Katanya, kalem, sambil mengambil sarung tangan dan melangkah menuju oven, ia membuka oven itu dan menarik sebuah loyang berisi kue-kue keluar dari sana. Furuya hanya mengangguk menjawabnya, melepas mantel hitam yang ia gunakan sambil melirik cupcake cokelat dengan topping krim berbagai warna di atas piring di counter dapur.

Ah, Sawamura dan kebiasaannya yang unik.

"Kupikir kau sudah jera dimarahi pelatih kemarin?"

Sawamura berhenti mengisi krim ke dalam plastik, lalu berbalik perlahan, iris emas alis bertautan melempar Furuya tatapan sebal.

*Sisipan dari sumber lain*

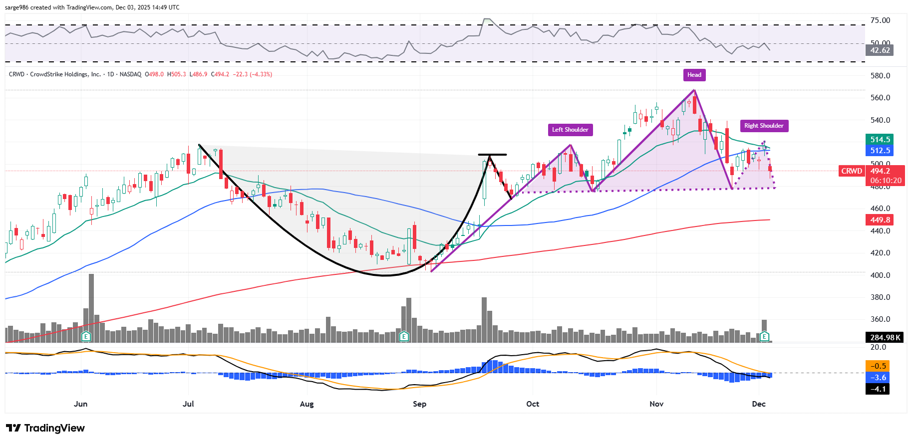 As CRWD is a top-five holding of mine and I am still up 57% in the name, I am not yet ready to cut and run. I will, however, should I see that pattern completed and the downside pivot triggered. Of course, should that happen, I would expect my exit to be temporary. This is, in my opinion, the "best in class" cybersecurity name. For now, relative strength is soft and the daily MACD sings a song of short to medium-term woe.
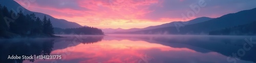 Pre-dawn light paints the Irish lake with soft hues , Irish lake, daybreak, tranquil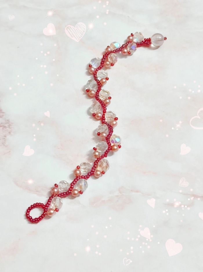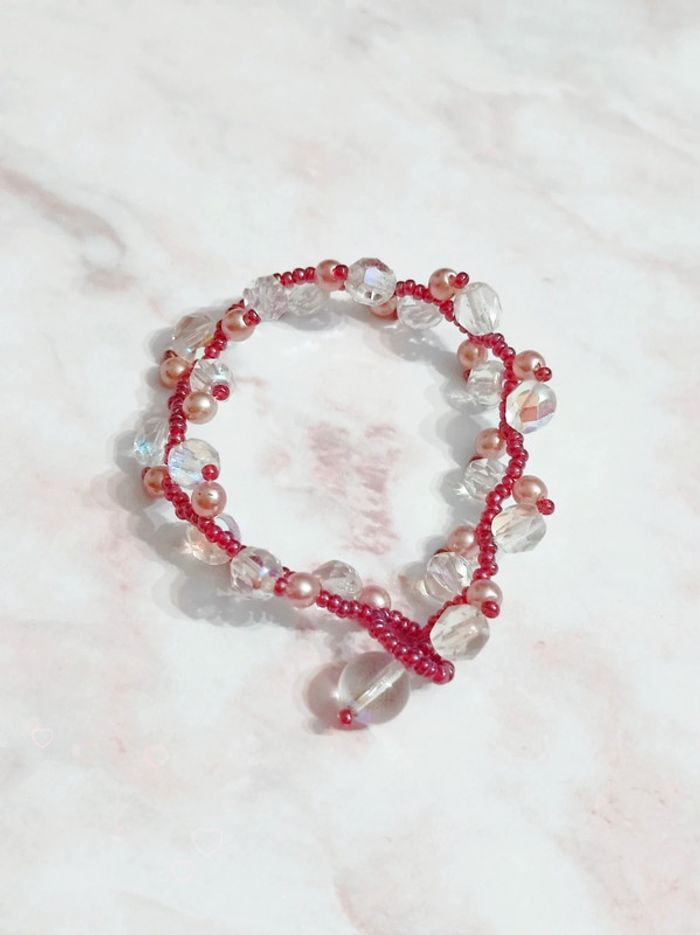 Bracelet y2k tissage perle transparent bordeaux holographique 🇨🇵 Fabrication Artisanale - 16cm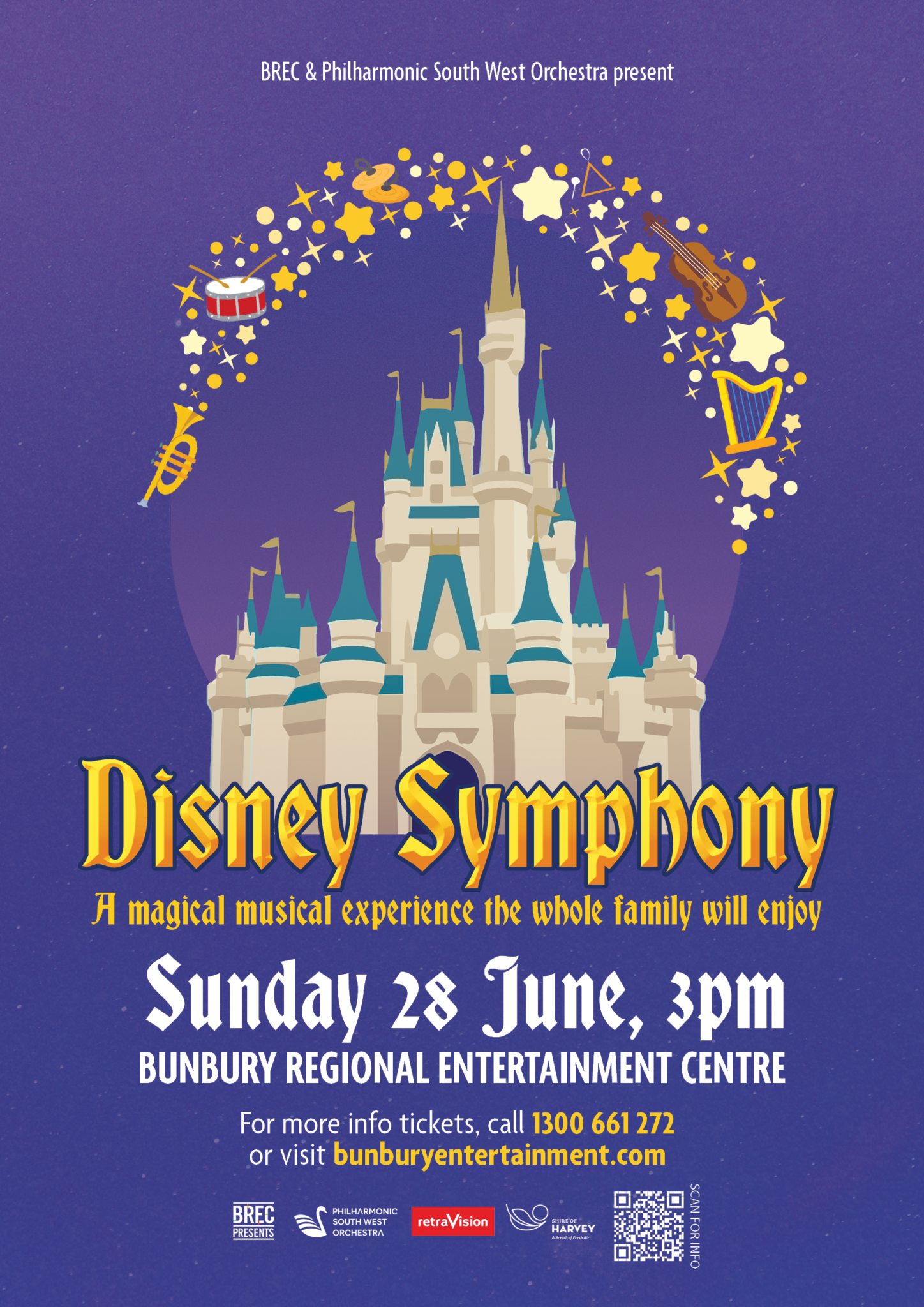 The Philharmonic South West Orchestra invites you to step into a world of imagination and adventure with a spectacular Disney Concert at the Bunbury Regional Entertainment Centre.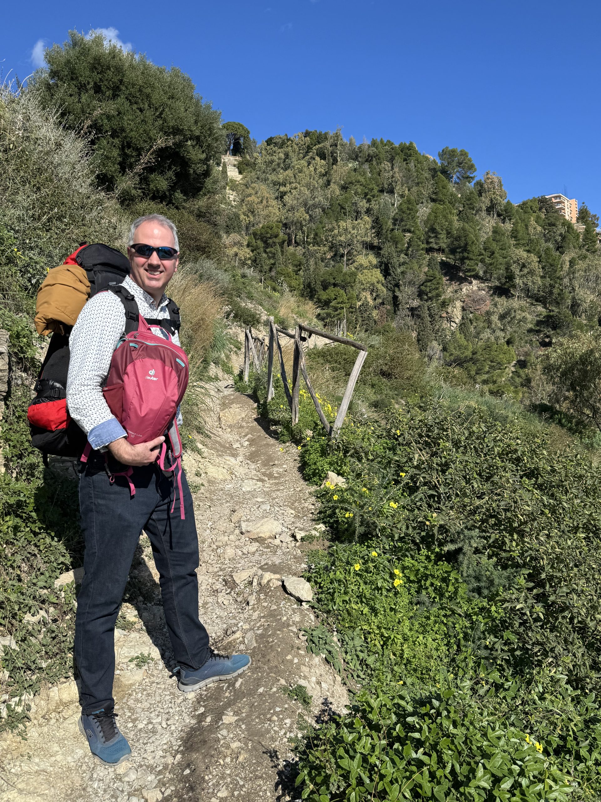 The walk from the station to the hotel was just under a mile. With just the one small impediment left – Taormina town sits 500 feet above sea level. The station: right by the sea. And so, for the final piece of this crazy journey, we followed a main road, which became a side road, which became a broad track, which became a dusty single-track trail. Winding its way steeply up the hillside, rocky under foot, yellow flowers alongside, the occasional rustic wooden fence where the path turned through 180° degrees to snake up the cliff. A lizard ran across the path ahead of us. Each hairpin bend gave us more thrilling views back down to the turquoise sea below.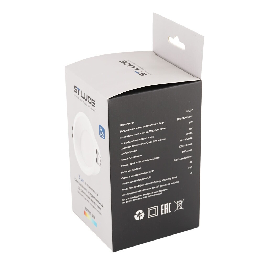 ST907.518.01_3 Светильник встраиваемый со сменным модулем ST-Luce белый/прозрачный LED 1*5.6W 4000K Встраиваемые светильники
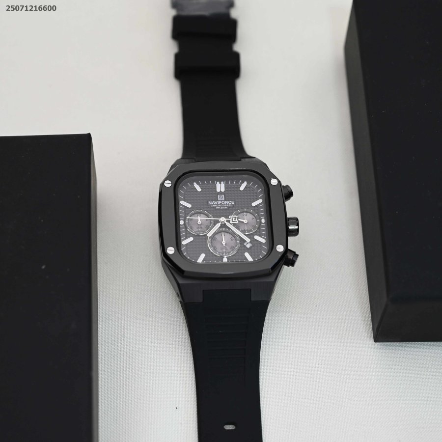 ساعة رجالي أنيقة مربعة الشكل مع ذراع مطاطي
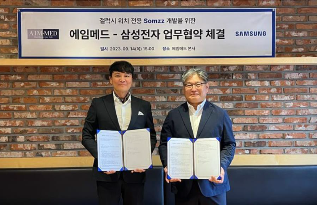 또한 향후 에임메드에서 개발되는 디지털 치료기기와 갤럭시 워치 간 지속적 협업모델을 개발할 뿐만 아니라 'EAP(임직원 건강관리 서비스)', '시니어 헬스케어 서비스' 등 에임메드에서 사업 중인 디지털 헬스케어 서비스와 전방위적인 협력을 해나가기로 했다.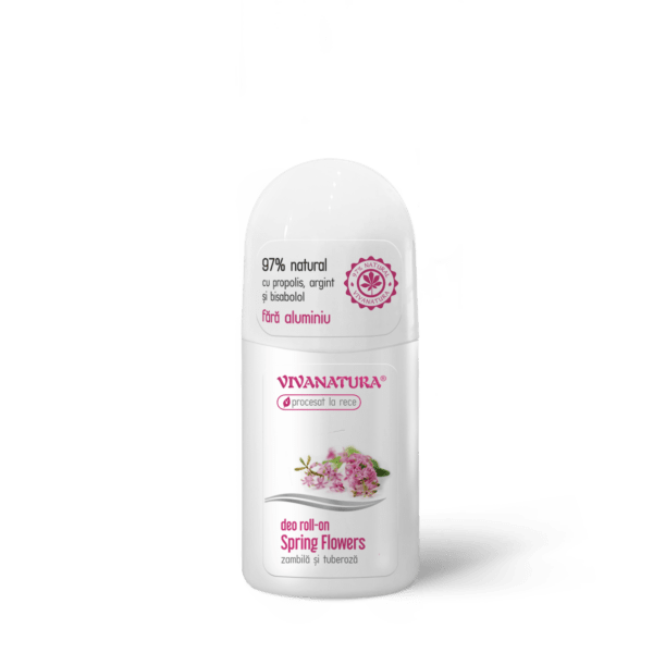 Deodorant natural roll-on Spring Flowers, 50 ml cu propolis, argint și bisabolol, fără aluminiu și procesat la rece, 97% natural

"Membutuhkan lebih dari sekedar omelan untuk menghentikan Sawamura Eijun melakukan apa yang ia inginkan!" Sawamura mendengus, "Lagipula kau makan lebih banyak dari aku, tapi kenapa aku saja yang kena marah?!"

Saat nada suaranya naik Furuya menyunggingkan senyum tipis, mengangkat bahu, sok inosen.

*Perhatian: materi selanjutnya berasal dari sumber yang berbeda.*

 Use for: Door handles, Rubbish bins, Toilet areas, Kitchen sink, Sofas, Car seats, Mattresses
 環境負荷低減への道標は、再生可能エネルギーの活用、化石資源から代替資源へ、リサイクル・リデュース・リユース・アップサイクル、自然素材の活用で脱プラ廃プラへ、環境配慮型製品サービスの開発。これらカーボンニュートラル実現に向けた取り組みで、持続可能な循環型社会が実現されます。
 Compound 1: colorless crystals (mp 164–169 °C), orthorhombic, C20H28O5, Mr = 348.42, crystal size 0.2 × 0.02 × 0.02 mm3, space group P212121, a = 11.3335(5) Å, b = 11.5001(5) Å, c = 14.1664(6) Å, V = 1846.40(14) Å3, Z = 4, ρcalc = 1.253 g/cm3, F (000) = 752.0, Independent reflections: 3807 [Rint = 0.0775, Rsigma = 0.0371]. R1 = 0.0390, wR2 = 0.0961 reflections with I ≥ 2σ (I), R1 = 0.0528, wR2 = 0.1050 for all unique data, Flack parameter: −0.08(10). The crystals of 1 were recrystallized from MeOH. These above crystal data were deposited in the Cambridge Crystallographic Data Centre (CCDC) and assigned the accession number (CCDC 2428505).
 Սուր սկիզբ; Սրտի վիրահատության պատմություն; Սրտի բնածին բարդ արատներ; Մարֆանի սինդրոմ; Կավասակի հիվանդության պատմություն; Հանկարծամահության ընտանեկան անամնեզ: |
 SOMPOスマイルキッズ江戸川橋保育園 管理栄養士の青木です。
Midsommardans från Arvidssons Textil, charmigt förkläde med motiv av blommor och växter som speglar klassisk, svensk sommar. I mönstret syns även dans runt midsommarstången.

Beginilah keseharian keduanya setelah lulus kuliah; Sawamura dan Furuya sama-sama memilih kehidupan seorang atlet baseball profesional. Memang, mereka memilih universitas yang berbeda setelah lulus dari Seidou, tapi Furuya harus mengakui mereka yang berkata takdir bekerja dengan cara yang lucu itu benar, karena sekarang disinilah ia, di apartemen dua kamar, berbagi dengan Sawamura yang ternyata direkrut klub baseball yang sama dengannya.

Berada dekat dengan Sawamura membuatkan ritme kehidupanya naik, karena walaupun sudah menginjak kepala dua puluh, Sawamura masih cukup berisik. Dan tanpa Furuya sadari ia terbiasa dengan suara Sawamura di sekitarnya. Dengan sapaan "selamat pagi," "selamat malam," dan hal-hal trivial lainnya seperti itu. Dan mungkin juga dengan masakan Sawamura yang rasanya (menurutnya) menyaingi masakan chef restoran. Meskipun Furuya tidak pernah memuji kecuali degan lingkaran merah mini imajiner yang tiba-tiba muncul di kedua sisi pipinya.

Iya, Furuya tidak bisa memasak, dan ia lebih dari senang mengetahui kalau Sawamura sudah mendapat pelatihan memasak dari keluarganya di Nagano. Termasuk juga pelatihan membuat kue.

("Aku suka cemilan manis." Sawamura pernah mengaku padanya, dan setelah itu ia sering bertanya Furuya suka kue seperti apa. Furuya tidak terlalu suka manis, jadi ia menjawab apa saja asal manisnya bisa diterima oleh lidahnya.)

Suatu hari Sawamura membuat kue kering di apartemen mereka. Sawamura memakan kue-kue cokelat itu sambil minum susu vanila di depan televisi, seperti biasa. Furuya mencoba mencoba kue itu dan ia harus menenggak seperempat mug kopi hitam di tangannya—karena tidak tahan rasa manisnya. Sawamura mengerjap menatapnya, mulutnya membentuk 'o' sempurna sebelum ia mengangguk-angguk sendiri.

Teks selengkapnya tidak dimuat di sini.